=== MATERIAL PROVIDED ===
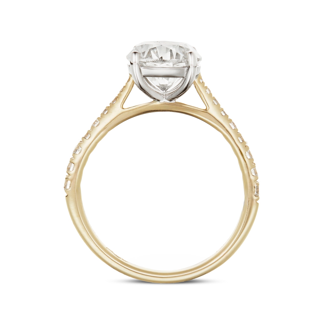 The shoulders are set with a cluster of brilliant-cut diamonds totalling 0.25ct, with SI1 clarity and G–H colour grades. These accent stones provide a refined continuation of sparkle, enhancing the overall light performance while maintaining a balanced and sophisticated profile. The contrast between platinum and yellow gold adds depth and character, appealing to those seeking a classic yet distinctive design.
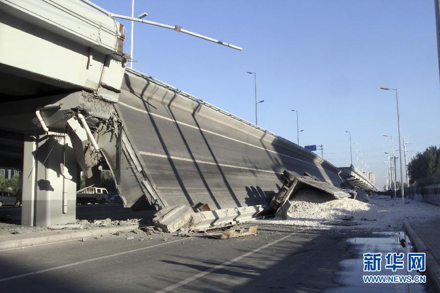 8月24日拍摄的发生断裂的大桥。当日5时30分左右,通车不到1年的哈尔滨阳明滩大桥发生断裂,致使4辆大货车坠桥。据消防部门消息,目前已造成3人死亡、5人受伤。图片来源:新华网
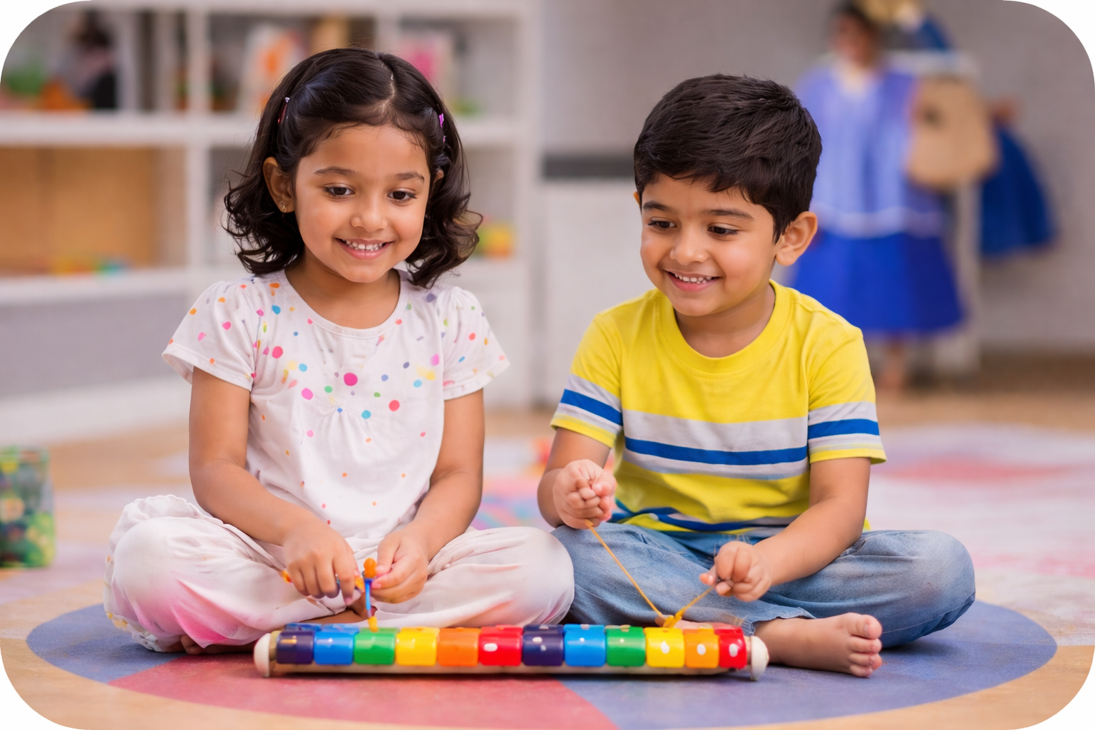 Music sparks joy and boosts brain development. Children explore sounds, rhythm, singing, and simple instruments in a playful environment.

=== TASK ITEM ===
Print the data above from its first line through the line that has "8月24日拍摄的发生断裂的大", exactly and with nothing else, omitting pictures.

=== ANSWER BELOW ===
 The shoulders are set with a cluster of brilliant-cut diamonds totalling 0.25ct, with SI1 clarity and G–H colour grades. These accent stones provide a refined continuation of sparkle, enhancing the overall light performance while maintaining a balanced and sophisticated profile. The contrast between platinum and yellow gold adds depth and character, appealing to those seeking a classic yet distinctive design.
 8月24日拍摄的发生断裂的大桥。当日5时30分左右,通车不到1年的哈尔滨阳明滩大桥发生断裂,致使4辆大货车坠桥。据消防部门消息,目前已造成3人死亡、5人受伤。图片来源:新华网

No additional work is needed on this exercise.